Back when I was starting out in the 1950s, Dick Slay was one of my role models because his stories on high school sports easily put mine to shame.

A decade or so later, Slay became one of the nation’s premier golf writers. After the Star closed, he worked for the PGA here and in South Carolina. If you wanted to know anything about pro golf in the Middle Atlantic area, you called Dick. If he could help, he would.

“I thought very highly of him,” said Bill Peeler, the Star’s sports editor for much of Slay’s career. “He started out as a copy boy and became a very steady writer you could always depend on. He never wrote anything outrageous.”

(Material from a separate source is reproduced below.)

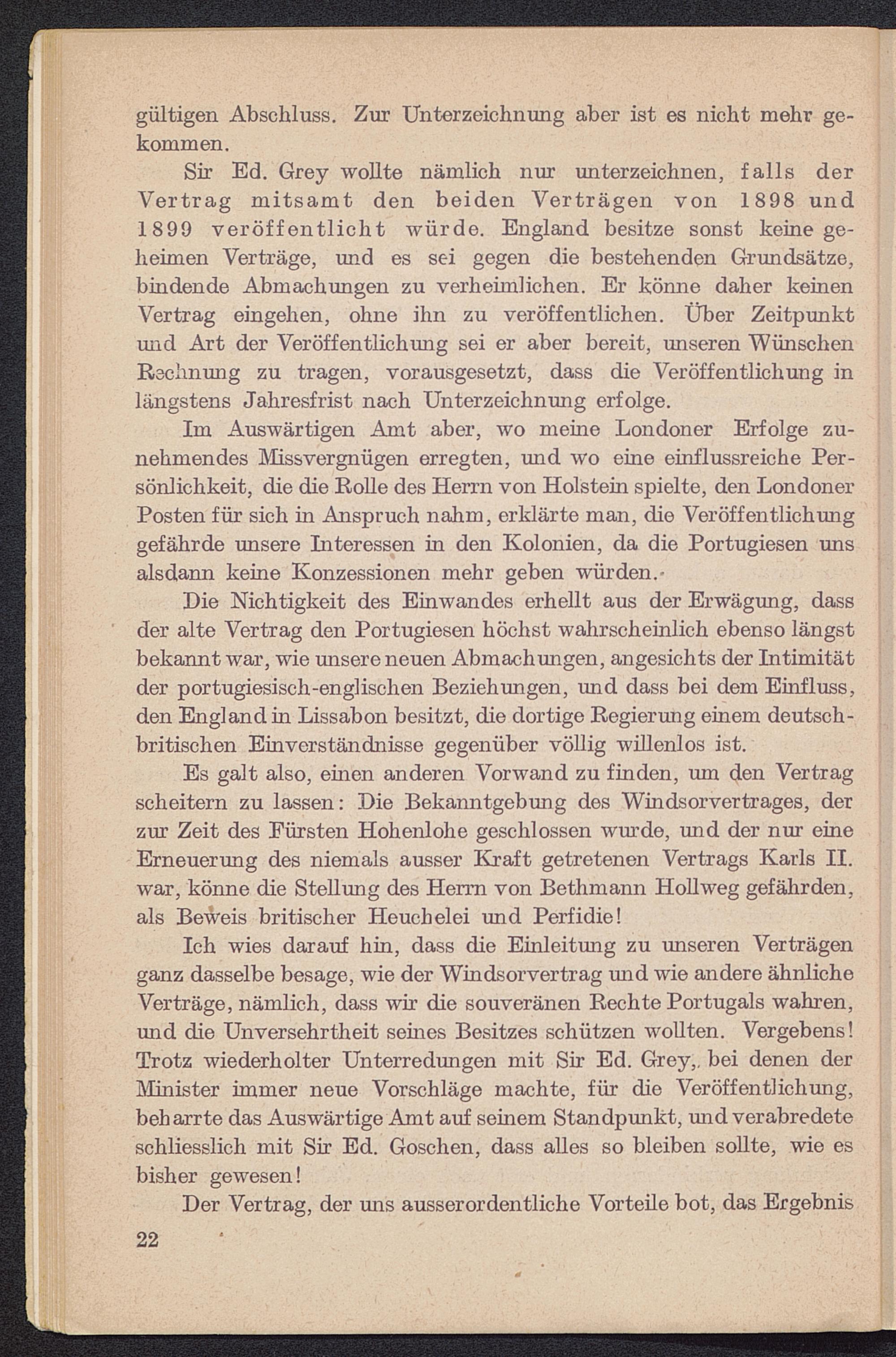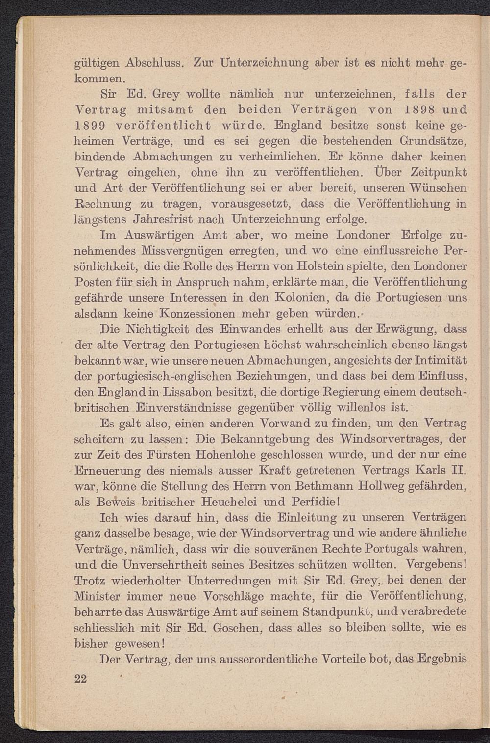 Ich wies darauf hin, dass die Einleitung zu unseren Verträgenganz dasselbe besage, wie der Windsorvertrag und wie andere ähnlicheVerträge, nämlich, dass wir die souveränen Rechte Portugals wahren,und die Unversehrtheit seines Besitzes schützen wollten. Vergebens!Trotz wiederholter Unterredungen mit Sir Ed. Grey, . bei denen derMinister immer neue Vorschläge machte, für die Veröffentlichung,beharrte das Auswärtige Amt auf seinem Standpunkt, und verabredeteschliesslich mit Sir Ed. Goschen, dass alles so bleiben sollte, wie esbisher gewesen!

Slay also came equipped with a dry and devastating sense of humor. Once he called the sports desk with a breaking story and said he needed to dictate immediately. (This was long before computers rendered dictationists as obsolete as parchment.)

“Well, we have three guys in the office who could take it,” Peeler said. “You can have Dick Heller, Steve Hershey or Eddie Crane. Which one do you want?”

“I dunno,” Slay said. “Heller can’t hear, Hershey can’t spell and Crane can’t write. Maybe I better take a cab to the office.”

Before his retirement from the newspaper business in 1994, Slay - and Roberts - occupied key slots on the Times copy desk. To get a story past Dick, reporters had to be accurate and write well - assets that sometimes are threatened by the time constraints of daily journalism.

I know because he occasionally handled my copy when a piece I had written was deemed appropriate for the main news section rather than sports. Slay found holes in my stories that I had overlooked completely, and together we patched them. Of course, that’s what a competent copy editor is supposed to do.